• _What the exercise asks_: From the line containing "Chemise Zippée Coton" down to the line containing "Готовая домашняя работа", copy out the entries below exactly, both lines included, and nothing else; pictures do not belong in the copy.

*** Opening of Given entries ***

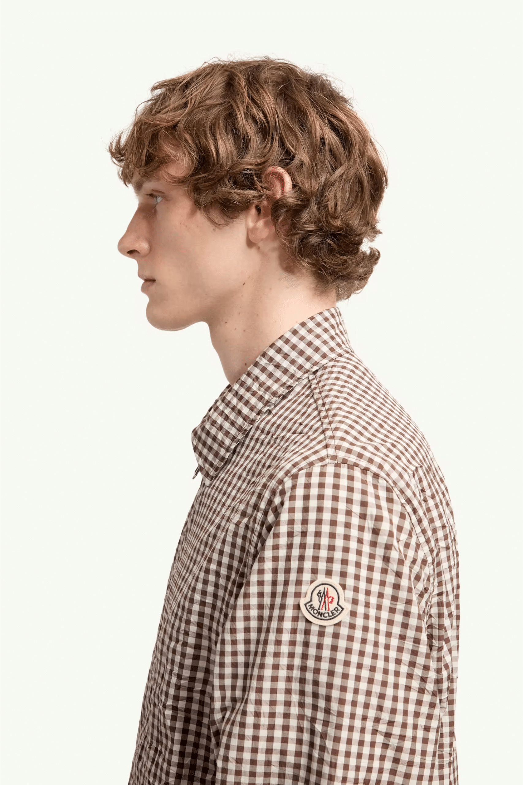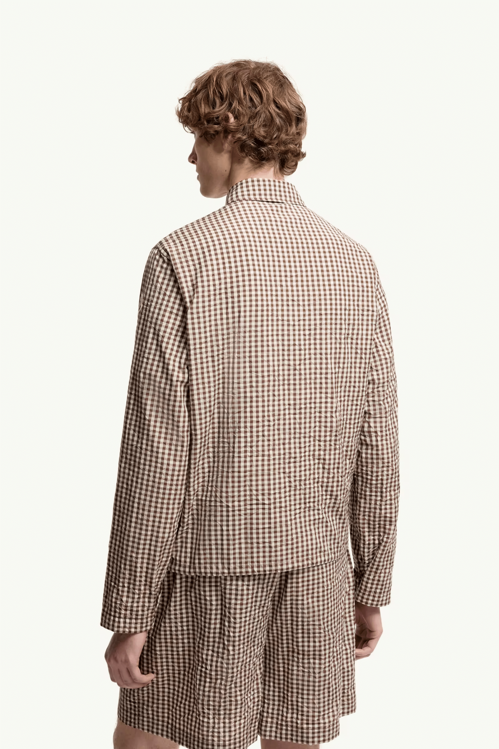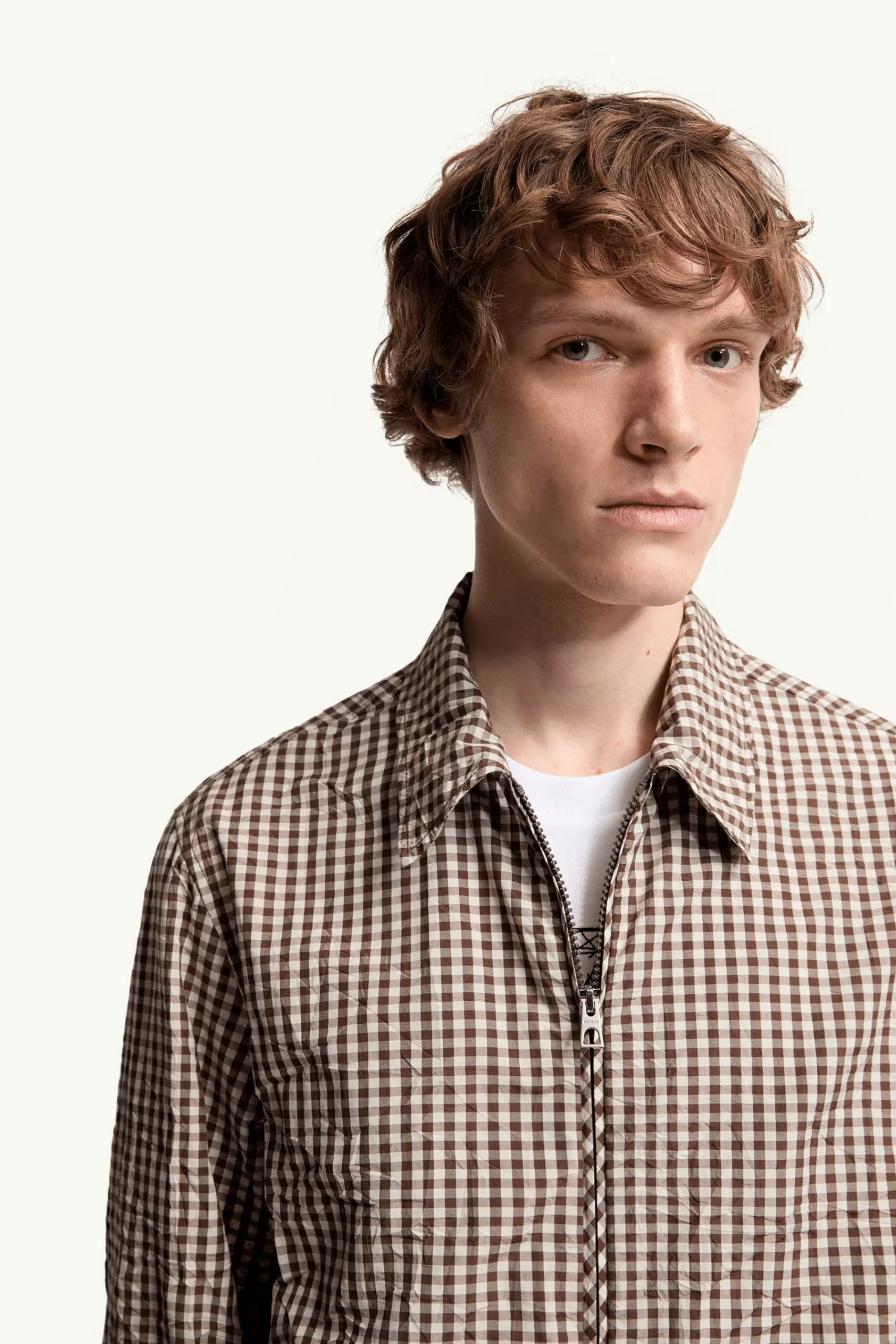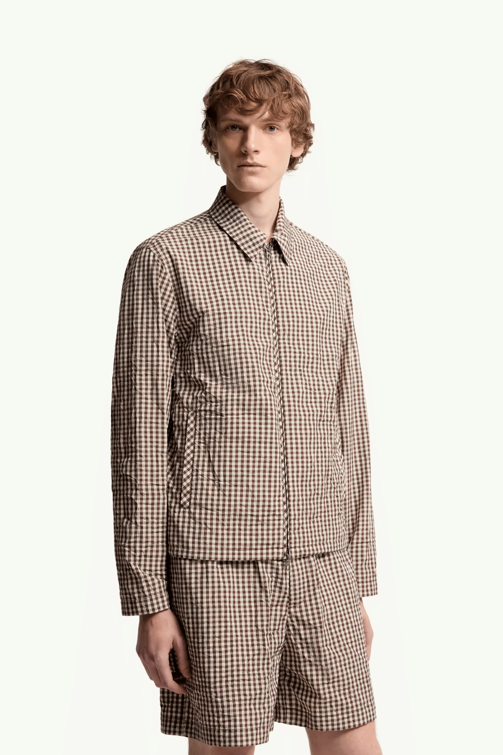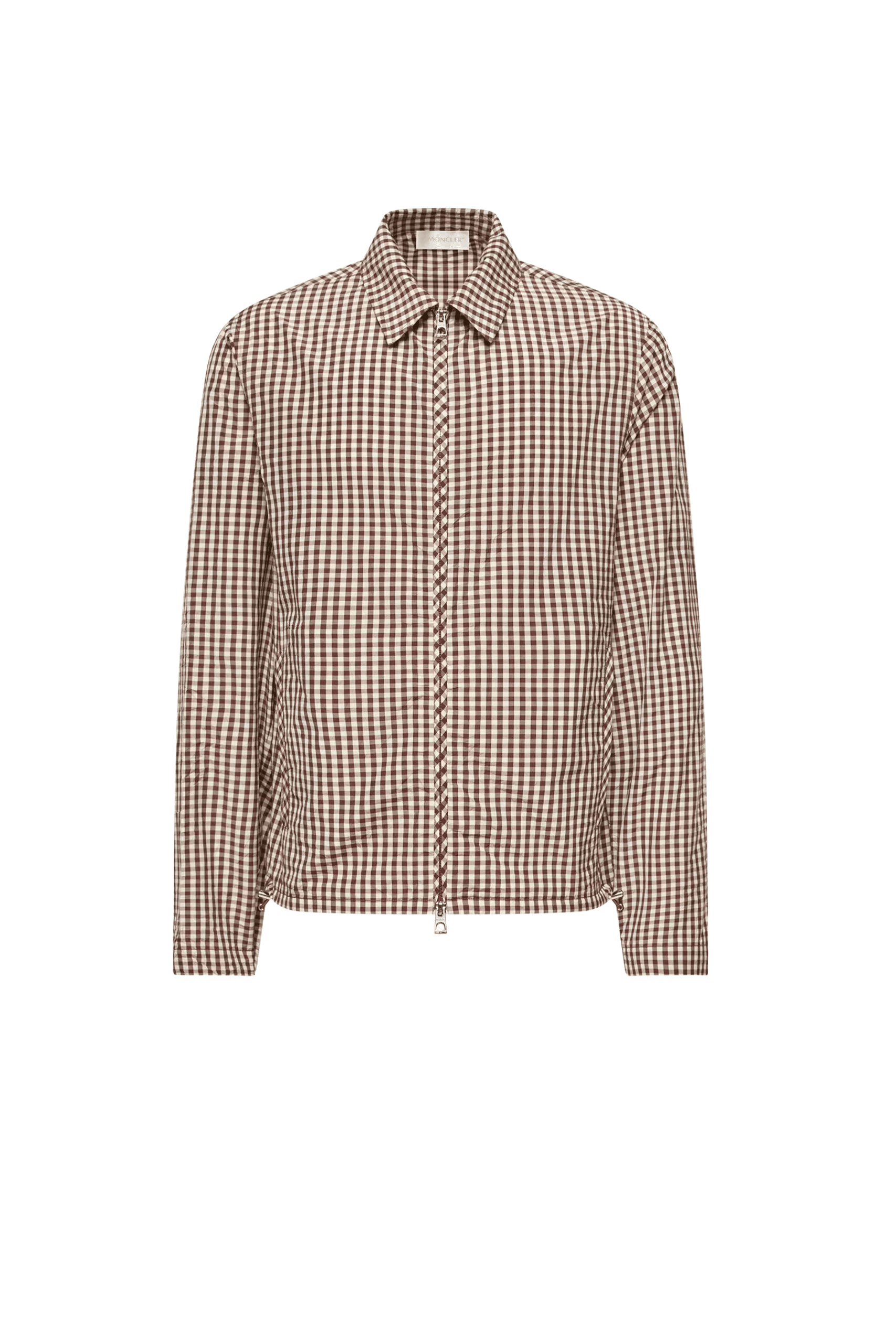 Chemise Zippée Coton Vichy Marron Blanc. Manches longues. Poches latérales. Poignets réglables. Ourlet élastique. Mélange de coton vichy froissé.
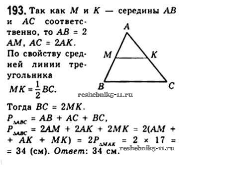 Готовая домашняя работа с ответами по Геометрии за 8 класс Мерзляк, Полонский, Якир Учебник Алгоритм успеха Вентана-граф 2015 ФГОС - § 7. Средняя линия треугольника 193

*** Close of Given entries ***
*** Opening of Given entries ***

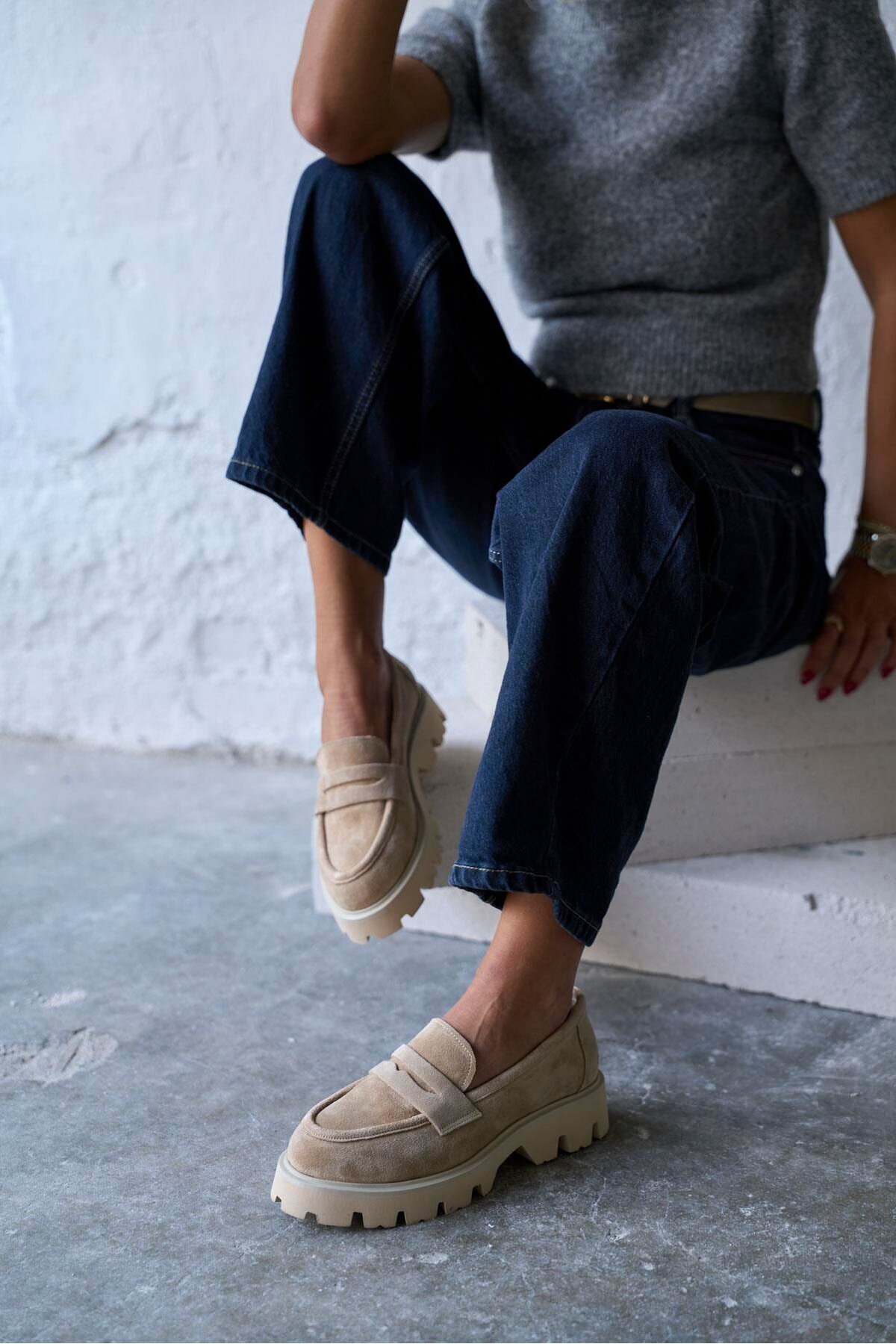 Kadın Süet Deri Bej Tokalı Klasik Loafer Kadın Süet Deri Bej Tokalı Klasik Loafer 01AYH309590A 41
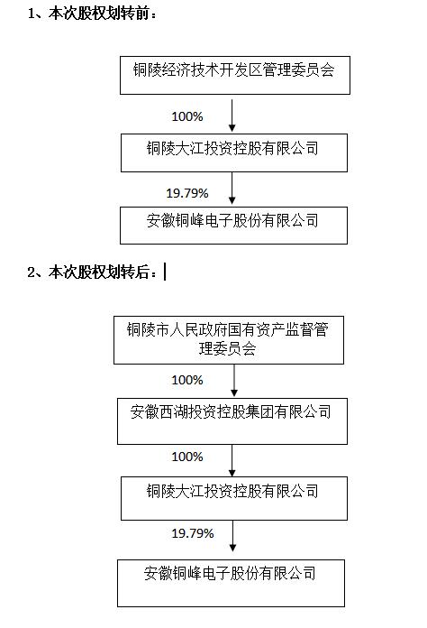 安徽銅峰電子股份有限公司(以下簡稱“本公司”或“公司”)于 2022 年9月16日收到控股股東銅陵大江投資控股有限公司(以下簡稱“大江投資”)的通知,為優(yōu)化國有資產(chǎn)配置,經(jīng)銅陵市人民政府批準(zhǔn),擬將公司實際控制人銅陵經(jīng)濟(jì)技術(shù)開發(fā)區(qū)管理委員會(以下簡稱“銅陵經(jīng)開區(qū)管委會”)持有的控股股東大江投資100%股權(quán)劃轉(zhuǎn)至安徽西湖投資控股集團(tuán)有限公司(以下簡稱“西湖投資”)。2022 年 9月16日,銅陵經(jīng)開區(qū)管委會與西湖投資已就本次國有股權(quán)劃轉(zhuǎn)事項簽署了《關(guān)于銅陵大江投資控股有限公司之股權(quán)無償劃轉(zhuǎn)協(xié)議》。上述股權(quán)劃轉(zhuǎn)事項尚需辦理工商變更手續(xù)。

*** Close of Given entries ***

• _Exercise response_:
 Chemise Zippée Coton Vichy Marron Blanc. Manches longues. Poches latérales. Poignets réglables. Ourlet élastique. Mélange de coton vichy froissé.
 Готовая домашняя работа с ответами по Геометрии за 8 класс Мерзляк, Полонский, Якир Учебник Алгоритм успеха Вентана-граф 2015 ФГОС - § 7. Средняя линия треугольника 193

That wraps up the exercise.